Identity Management: The Next Big Thing

However, it wasn't until I received an eye-opening briefing from identity-appliance vendor Infoblox the other day that I really got turned on to the possibilities of this rapidly emerging area. Infoblox vice president of marketing Richard Kagan, who joined last year from venerable network-security vendor Fortinet, was the first person I've heard who was able to take the discussion beyond the buzzwords and articulate just why this area is so vitally important.

In doing so, he made me realize two things. First, if you're a solution provider involved in security at all, you'd better consider diving into the identity arena before it passes you by. Second, and more subtly, I've come to the conclusion that -- the rapid deployment of virus software, spam blockers and security appliances notwithstanding -- we're still in the early phases of the security market. As such, we're bombarded by hundreds of point solutions in dozens of separate security fiefdoms. There's antivirus software, spam blockers, threat managers that monitor attempts to breach the network, information managers, and access and authentication controllers.

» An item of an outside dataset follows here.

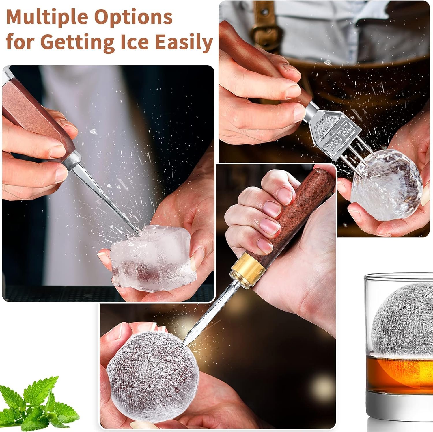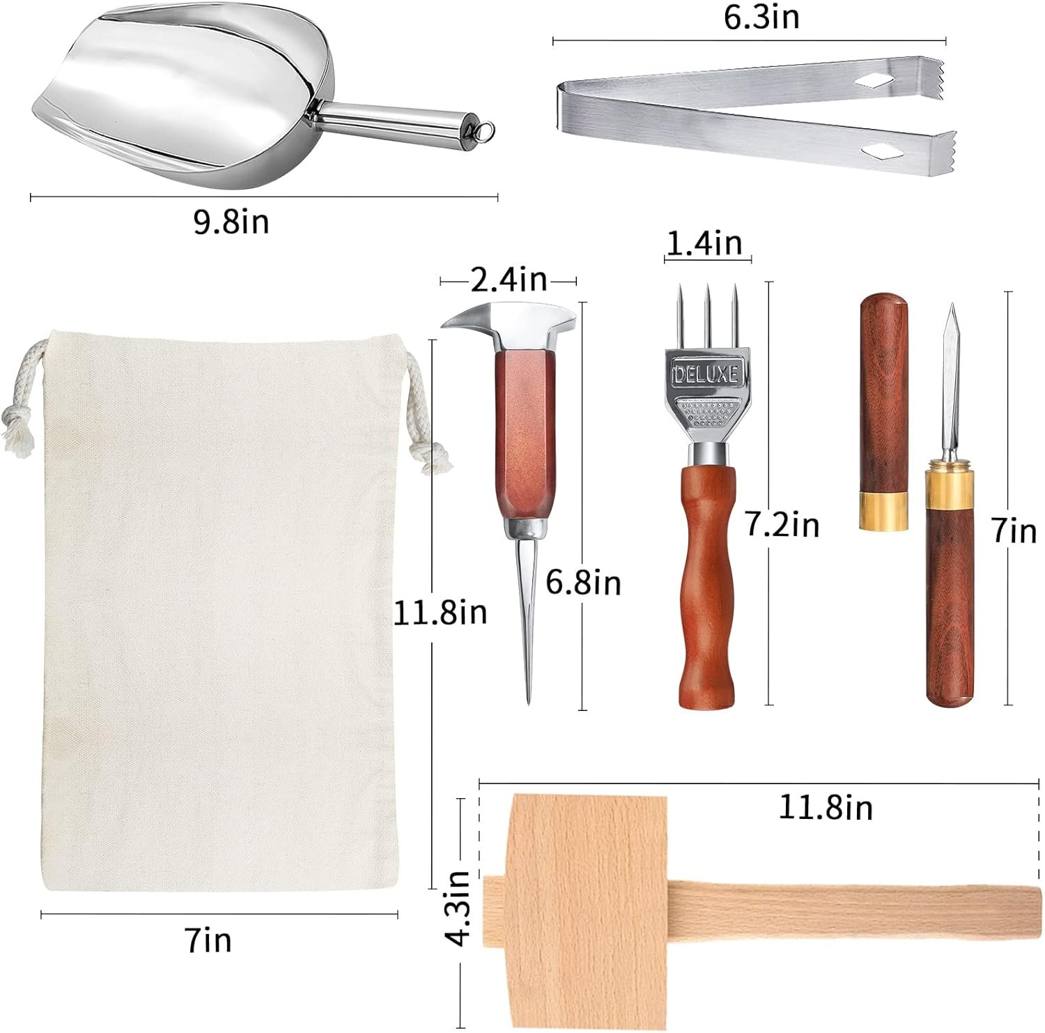 Juego de gran valor: contiene 1 palillo de hielo de 7 pulgadas de largo con extremo de martillo, 1 palillo de hielo de tres puntas de 7.2 pulgadas de largo, 1 palillo de hielo de 6 pulgadas de largo con tapa, 1 bolsa de hielo Lewis, 1 martillo de madera de 12 pulgadas, 1 pala de hielo de acero inoxidable de 4 onzas y 1 pinza de hielo de acero inoxidable. Es una herramienta de bartenders profesionales de tamaño perfecto.

Eventually, these disparate security silos will get corralled into highly integrated solutions. (In a harbinger of this trend, we're already finding "pest" controllers, which combine antivirus and pop-up blockers in a single package. And Computer Associates, which fields a large number of separate security programs, does a nice job of conceptually integrating all of them under the umbrella of its eTrust brand.) But for now, it pays for VARs to develop discrete, identity-management expertise.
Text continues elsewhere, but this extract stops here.